WORK INSTRUCTION ->
Reproduce exactly, and only, the lines of the material below running from the line bearing "Сирень обвивает пышные" through the line bearing "De gemiddelde prijs van een". Leave any pictures out.

[[ EXERCISE INPUTS, beginning ]]

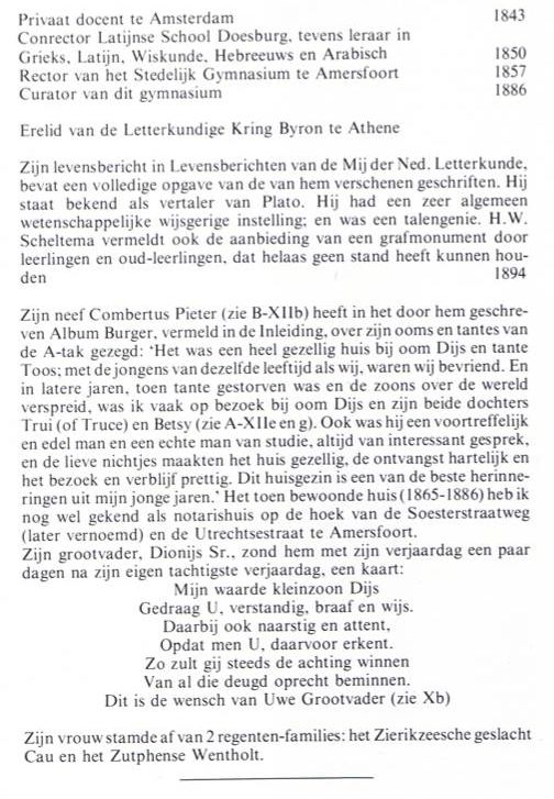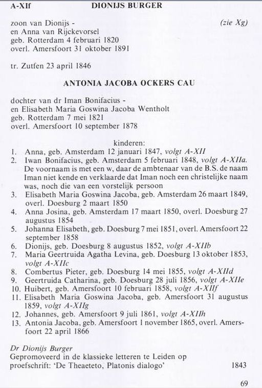 N.a.v. de reactie van Jan Willem Reitsma (zie onder reacties) konden onderstaande scans, alsmede het bovenstaande portret van Dionijs Burger aan dit blog worden toegevoegd. De gegevens stammen uit de familiegenealogie: F.W. Burger, Genealogie van de familie Burger. Bewerkt en uitgebreid naar vroegere uitgaven, tot en met mei 1977, familie-uitgave, z.j. (maar uit 1978).
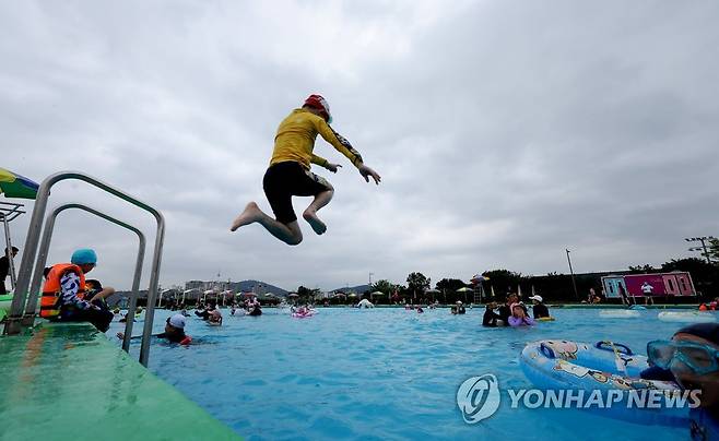(서울=연합뉴스) 류영석 기자 = 주말인 26일 오후 최근 개장한 서울 잠원한강공원 수영장에서 한 어린이가 다이빙을 하고 있다. 2022.6.26
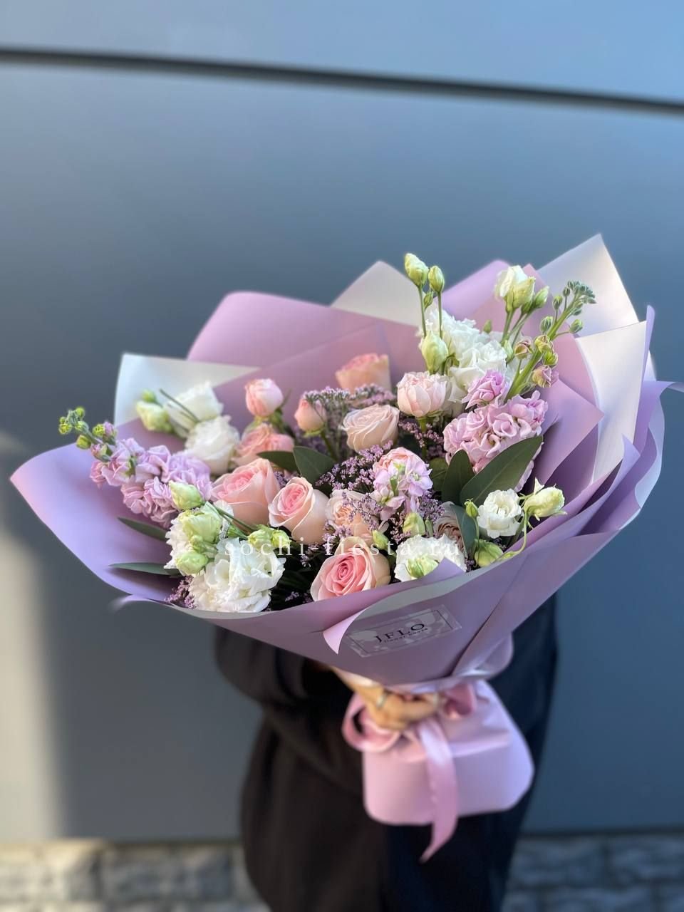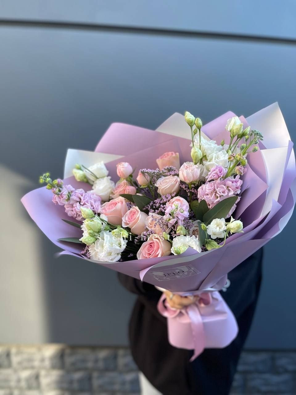Сирень обвивает пышные бутоны пионовидных роз и задает мягкий лиловый ритм всей композиции. Букет дышит весной и заполняет пространство ароматом. Форма свободная, но собранная.
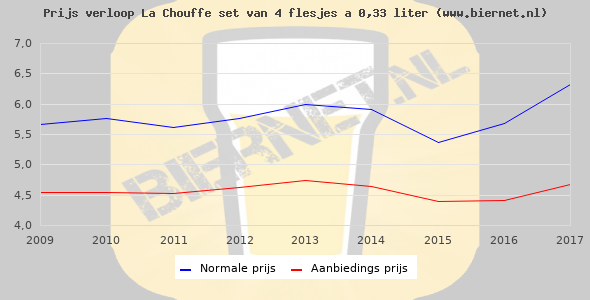 De gemiddelde prijs van een set van 4 flesjes á 0,33 liter van La Chouffe is €8,78 (€6,65 per liter). De gemiddelde prijs van La Chouffe in de winkel is €7,82 per liter.
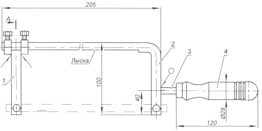 Конструкция ножовки: 1 – стойка; 2 – рамка-держатель; 3 – хвостовик; 4 – ручка

[[ EXERCISE INPUTS, end ]]

COMPLETED TASK ->
Сирень обвивает пышные бутоны пионовидных роз и задает мягкий лиловый ритм всей композиции. Букет дышит весной и заполняет пространство ароматом. Форма свободная, но собранная.
 De gemiddelde prijs van een set van 4 flesjes á 0,33 liter van La Chouffe is €8,78 (€6,65 per liter). De gemiddelde prijs van La Chouffe in de winkel is €7,82 per liter.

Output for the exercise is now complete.